Results from both surveys and experiments have been mixed with some studies finding a relationship between exposure to violent games and antisocial behavior while others found no relationship. Meta-analyses have also reached different conclusions. For example, Anderson and Bushman (2001) and Anderson (2004) found a small but significant correlation between violent game-playing and aggression while Sherry (2001, 2007) concluded that no relationship existed. A meta-analysis by Ferguson (2007) suggested that publication bias, the tendency of journals to publish only those studies with significant effects, was a factor in those meta-analyses that found a significant link. When publication bias was controlled, Ferguson found no evidence that violent games were associated with aggressive behavior.
Research about the antisocial effects of pornography increased in the late 1980s but has recently declined. One controversial research area examined if prolonged exposure to nonviolent pornography had any antisocial effects (Donnerstein, Linz, & Penrod, 1987; Zillmann & Bryant, 1989; Allen, D’Alessio, & Brezgel, 1995). The most recent studies have focused on exposure to pornographic Internet sites. For example, Peter and Valkenburg (2008) found a link between exposure to pornographic Internet sites and adolescents’ positive attitudes toward casual sex.
Research interest in the prosocial effects of media exposure decreased in the 1980s and has remained at low level into the end of the 2000s.
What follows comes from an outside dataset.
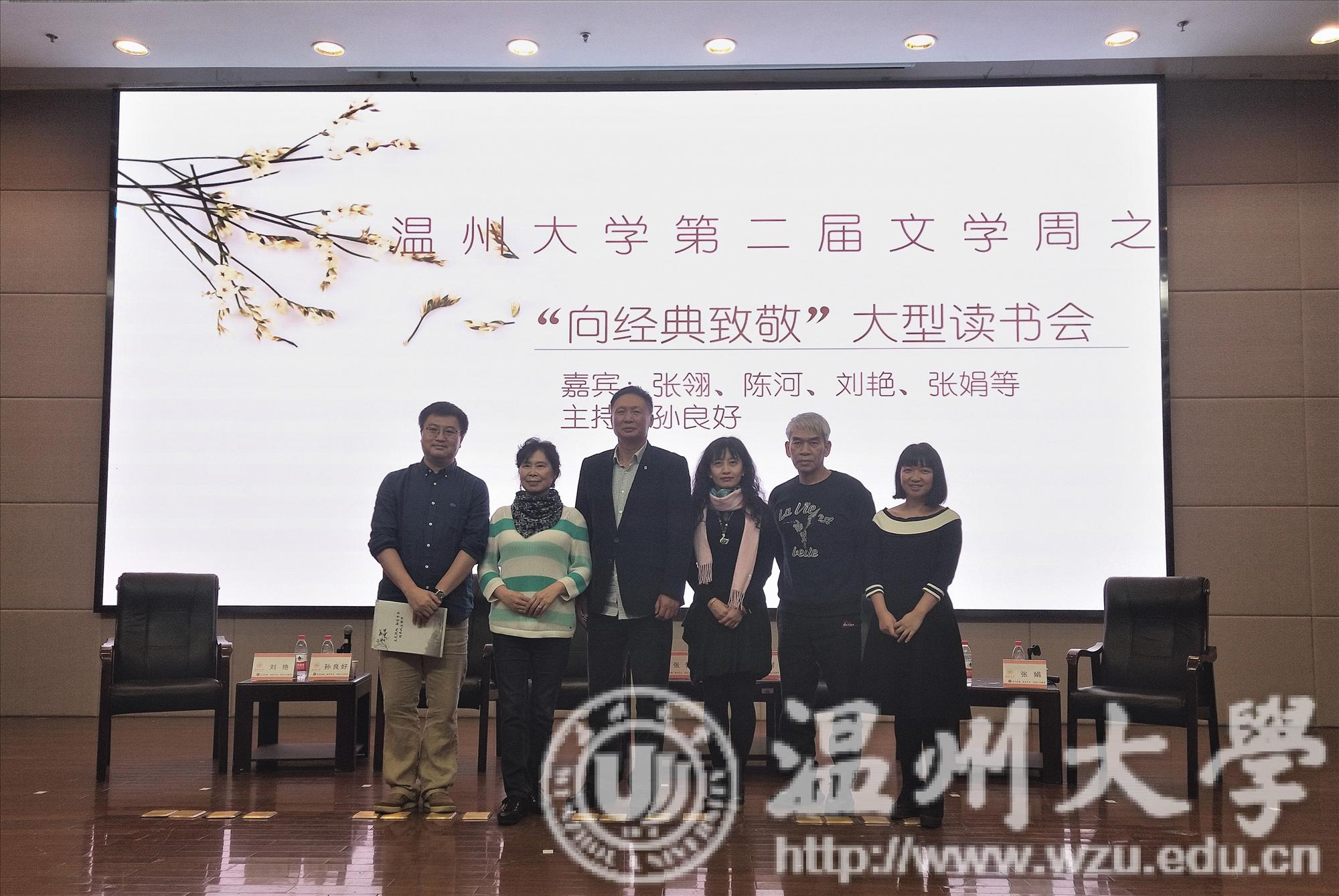 活动开始后,孙院长向我们隆重介绍了五位嘉宾,并提出在这个众声喧哗、浮光掠影的社会里,我们要沉下心来阅读经典。之后,各位老师以“读经典的必要性”为主题展开了讨论。孙院长提出:“阅读经典就是‘无用而自有为‘,年少时应该博览群书、披沙拣金。”张翎通过她年轻时的经历告诉我们:“经典是年轻时营养的钙片”,形象地解释了人与经典的关系并告诉我们要学会与经典对话。随后,刘艳告诉我们文化素养的养成应该从阅读经典开始,她以沈从文的《边城》和萧红的《呼兰河传》为例,教导我们读经典不能教科书式的阅读,要回到原作、现场以及作者的人生经历来感受一个作家写作的变化。紧接着,陈河语重心长地告诉我们读经典要从年轻开始,投入全部精力去读自己喜欢的经典。张娟着重讲述生命哲学,通过生命哲学启示我们每一个个体去发现经典,面对自己、享受孤独之美。

Sprafkin and Rubinstein (1979) reported on a correlational study in which the viewing of prosocial television programs accounted for only 1% of the variance in an index of prosocial behavior exhibited in school. The apparent lack of a strong relationship between these two variables, coupled with the absence of general agreement on a definition of prosocial content, might have discouraged researchers from selecting this area. In any case, few studies of the media impact on prosocial behavior have appeared in the scholarly literature in the last five years. The meta-analysis of Anderson and Bushman (2001) found only a handful of prosocial studies to analyze but concluded that playing violent video games is linked to a decline in prosocial behavior.